I've read a number of interesting posts here about using SPRT to judge whether changes have improved the strength of an engine and decided to give it a go using CuteChess-CLI (version 1.3.1).

I ran a tournament between two versions of the same engine which have very slightly different move ordering.

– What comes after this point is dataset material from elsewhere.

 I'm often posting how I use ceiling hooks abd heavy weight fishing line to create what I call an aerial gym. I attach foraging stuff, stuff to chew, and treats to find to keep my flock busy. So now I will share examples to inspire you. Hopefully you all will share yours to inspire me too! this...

So I think:
H0 = there is no difference in the performance of the two engines
H1 = would be there is a difference in the performance of the two engines.

I'm not sure I fully understand the test results though and was hoping that someone more experienced could help clarify them for me please.

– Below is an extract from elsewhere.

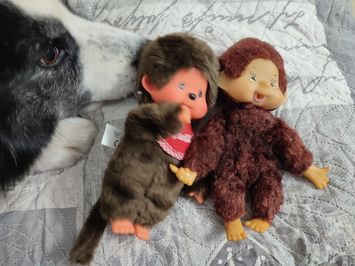 Потом, когда я уже начала коллекционировать кукол, я пыталась "вернуть" в коллекцию эту обезьяну, но именно лучевских найти было трудно. В итоге я решила заказать японский винтаж с Японии. Японский винтаж с Японии оказался китайского производства, так что я слегка расстроилась и передарила ее. Потом еще раз "японский винтаж" мне попадался на бейбиках, чуть более винта
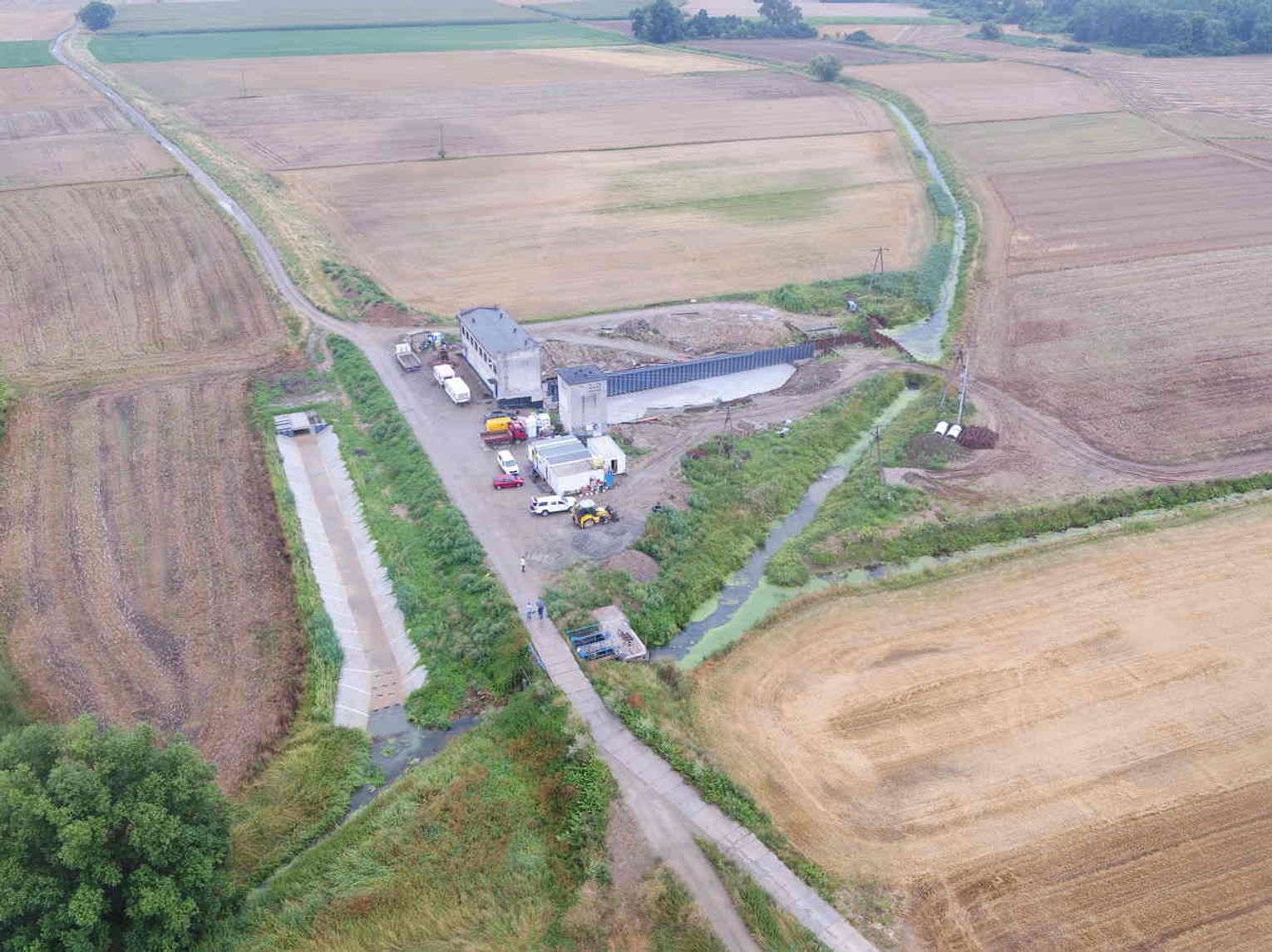 Uprzednio przygotowano obiekt na potrzeby prac budowlanych. Na polderze powstają kolejne kluczowe elementy zbiornika. Przede wszystkim rozebrany został istniejący zbiornik wyrównawczy. Przygotowano również podłoże pod konstrukcję nowego zbiornika, który powstanie w miejsce starego. Wykonano także dno konstrukcji pod budowlę wlotową do zbiornika wstępnego. Ponadto, odmulono dno budowli wylotowej, przeprowadzono jej reprofilację oraz oczyszczono koryto kanału odpływowego. Zdemontowano armaturę przepompowni, złożoną m.in. z 6 zestawów pompowych, wykonano reprofilację betonów na ścianach wszystkich komór czerpnych i ścianach wszystkich wlotów do tych komór. Reprofilacji poddano także całości ścian (bez sufitów) w hali pomp. Wykonano izolację i ocieplenie budynku przepompowni. Na ukończeniu są prace nad wykopaniem rowu, łączącego koryto rzeki Ryjec z Kanałem Półwieś.

The following was used to start the tournament.

Code: Select all

cutechess-cli.exe -engine name=New cmd="Chess_UCI_v2.exe" proto=uci -engine name=checks cmd="Chess_UCI_v2.exe" 
proto=uci option."Order on checks"=true -each tc=10+1 -concurrency 7 -sprt elo0=0 elo1=10 alpha=0.05 beta=0.05 -rounds 5000 
-openings file="8moves_v3.pgn" format=pgn
and gave the following output

Code: Select all

Score of New vs checks: 364 - 346 - 218  [0.510] 928
...      New playing White: 181 - 167 - 116  [0.515] 464
...      New playing Black: 183 - 179 - 102  [0.504] 464
...      White vs Black: 360 - 350 - 218  [0.505] 928
Elo difference: 6.7 +/- 19.5, LOS: 75.0 %, DrawRatio: 23.5 %
SPRT: llr 0.174 (5.9%), lbound -2.94, ubound 2.94

My understanding is:
-that 928 games were complete out of the maximum of 5000 specified which indicates it played enough to reach a decision.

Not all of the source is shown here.